54 Il se rendit dans son lieu d’origine, et il enseignait les gens dans leur synagogue, de telle manière qu’ils étaient frappés d’étonnement et disaient : « D’où lui viennent cette sagesse et ces miracles ? 55 N’est-il pas le fils du charpentier ? Sa mère ne s’appelle-t-elle pas Marie, et ses frères : Jacques, Joseph, Simon et Jude ? 56 Et ses sœurs ne sont-elles pas toutes chez nous ? Alors, d’où lui vient tout cela ? »

57 Et ils étaient profondément choqués à son sujet. Jésus leur dit : « Un prophète n’est méprisé que dans son pays et dans sa propre maison. » 58 Et il ne fit pas beaucoup de miracles à cet endroit-là, à cause de leur manque de foi.» (Mt 13, 54-58)

Jésus méprisé dans sa patrie

À Nazareth, appelé sa patrie parce que c’était celle de sa famille et qu’il y avait été élevé. Marc rapporta cette visite à Nazareth après la résurrection de la fille de Jaïrus, avant l’envoi des disciples. Matthieu parut lui assigner une époque plus tardive.
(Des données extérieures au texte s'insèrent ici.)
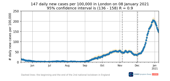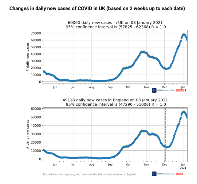 The Daily Mail asks “Did England pass its peak before lockdown?” That’s certainly the impression the ZOE Covid Symptom Study App gives, with the peaks in the UK and England around January 2nd and in London around December 28th.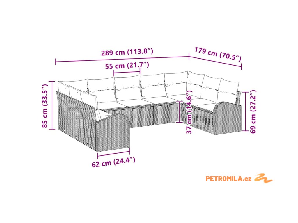 - 5 x Středové sedátko: 55 x 62 x 85 cm (ŠxHxV)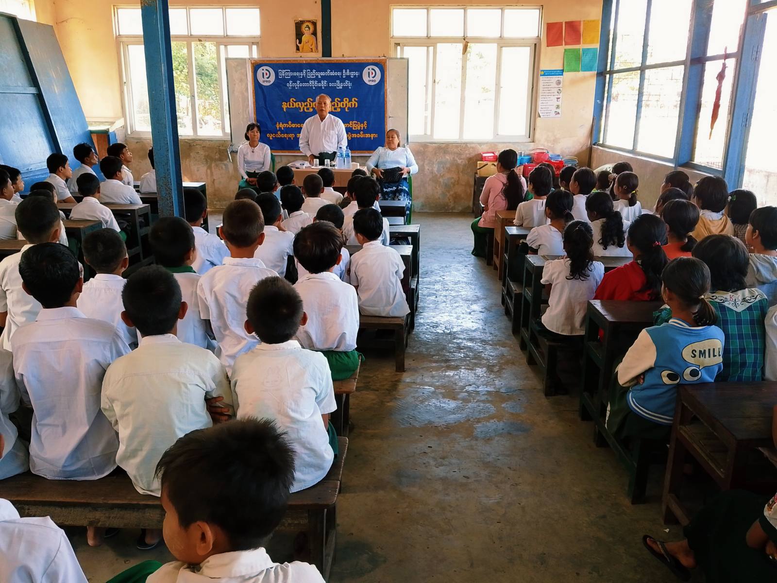 ဦးစွာဟောပြောပွဲတွင် မြို့နယ်စီမံခန့်ခွဲရေးနှင့် အုပ်ချုပ်ရေးကော်မတီအဖွဲ့၊ အဖွဲ့ဝင် ဦးရွှေလှိုင်က အဖွင့်အမှာစကားပြောကြားပြီး မြို့နယ်ပြန်ကြားရေးနှင့်ပြည်သူ့ဆက်ဆံရေးဦးစီးဌာနမှ ဦးစီးအရာရှိ ဒေါ်သီတာဝင်းက စာဖတ်ရှိန်မြှင့်တင်ရေးနယ်လှည့်စာကြည့်တိုက် ဟောပြောပွဲဆောင်ရွက်ရခြင်း၏ ရည်ရွယ်ချက်နှင့် ယနေ့မျိုးဆက်သစ်လူငယ်များမှာ နိုင်ငံတော်၏ အနာဂတ်ဖြစ်ကြောင်း၊ မျိုးဆက်သစ်လူငယ်များ ကာယ၊ ဉာဏ၊ စာရိတ္တ၊ ဘောဂ၊ မိတ္တစတဲ့ ဗလငါးတန်ဖွံ့ဖြိုးတိုးတက်ပြီး လူငယ်တိုင်းနိုင်ငံ့သားကောင်းများ ဖြစ်လာစေရန်၊ လူငယ်များအနေဖြင့် ရည်ရွယ်ချက်၊ ရည်မှန်းချက်များထားရှိရန်၊ စိတ်ပိုင်းဆိုင်ရာနှင့် ကိုယ်လက်ကြံ့ခိုင်စေရေးအထူးအလေးထားဂရုပြုရန်၊ လူတော်လူကောင်းလေးများ ဖြစ်လာစေရန် ငယ်ရွယ်စဉ်ကပင် စာအုပ်စာပေများကို များများဖတ်မှတ်လေ့လာဆည်းပူးကြစေလိုကြောင်းနှင့် စာပေဖတ်ရှုရခြင်း၏ အကျိုးကျေးဇူးများအကြောင်း အသိပညာပေးဟောပြောခဲ့သည်။ ထို့နောက် ကျောင်းစာကြည့်တိုက်များ ဖွံ့ဖြိုးတိုးတက်စေရန်အတွက် သုတ၊ ရသစာအုပ်များကို ကျောင်းအုပ်ဆရာမကြီး ဒေါ်အိကျော်ဇောအား လှူဒါန်းခဲ့ပြီး ကျောင်းအုပ်ဆရာမကြီးက ကျေးဇူးတင် စကားပြန်လည်ပြောကြားခဲ့သည်။

Quant au récit que Luc  plaça au commencement du ministère de Jésus, et que plusieurs interprètes identifièrent avec celui de Matthieu et de Marc, il en différa beaucoup trop par les éléments les plus essentiels pour que cette identification fut probable.
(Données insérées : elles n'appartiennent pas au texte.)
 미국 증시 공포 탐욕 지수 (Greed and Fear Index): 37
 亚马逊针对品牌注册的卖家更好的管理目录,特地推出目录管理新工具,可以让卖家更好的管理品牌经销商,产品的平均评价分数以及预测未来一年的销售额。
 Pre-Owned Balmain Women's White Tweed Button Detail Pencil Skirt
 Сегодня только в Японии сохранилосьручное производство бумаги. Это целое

Ainsi, ce qui étonnait les habitants de Nazareth, c’était la sagesse de Jésus, dans son enseignement, et sa puissance, dans l’action. Cet étonnement pouvait, chez quelques-uns, être accompagné de confiance et de foi, chez d’autres, il était tout charnel. Ce scandale venait de ce que Jésus leur paraissait trop pauvre, trop petit, trop connu à Nazareth dès son enfance pour être un envoyé de Dieu, le Messie. C’est là l’éternel scandale de la raison humaine en présence du Dieu-homme.

Que sera-ce quand il faudra admettre la folie de la croix ? Dans le récit de Marc, Jésus lui-même est appelé le charpentier, et sûrement avec raison ; il pratiqua ce travail manuel dans sa jeunesse. Ici et dans Marc, les sœurs de Jésus sont nommées avec ses frères, comme appartenant à la famille du charpentier et de Marie. Comment  admettre que ces frères et ces sœurs ne le fussent pas en effet ?

Sur le nom d’un des frères de Jésus, les manuscrits varient entre Josès et Joseph. Ce dernier nom est plus autorisé dans Matthieu, le premier l’est plus dans Marc. Expression proverbiale d’une grande vérité. On a peine à regarder des yeux de la foi ceux qu’on est habitué à voir des yeux de la chair. Jésus avait guéri là quelques malades, et ces guérisons produisirent l’impression décrite ci-dessus, mais l’incrédulité de ceux qui l’entouraient mit fin à cette action puissante.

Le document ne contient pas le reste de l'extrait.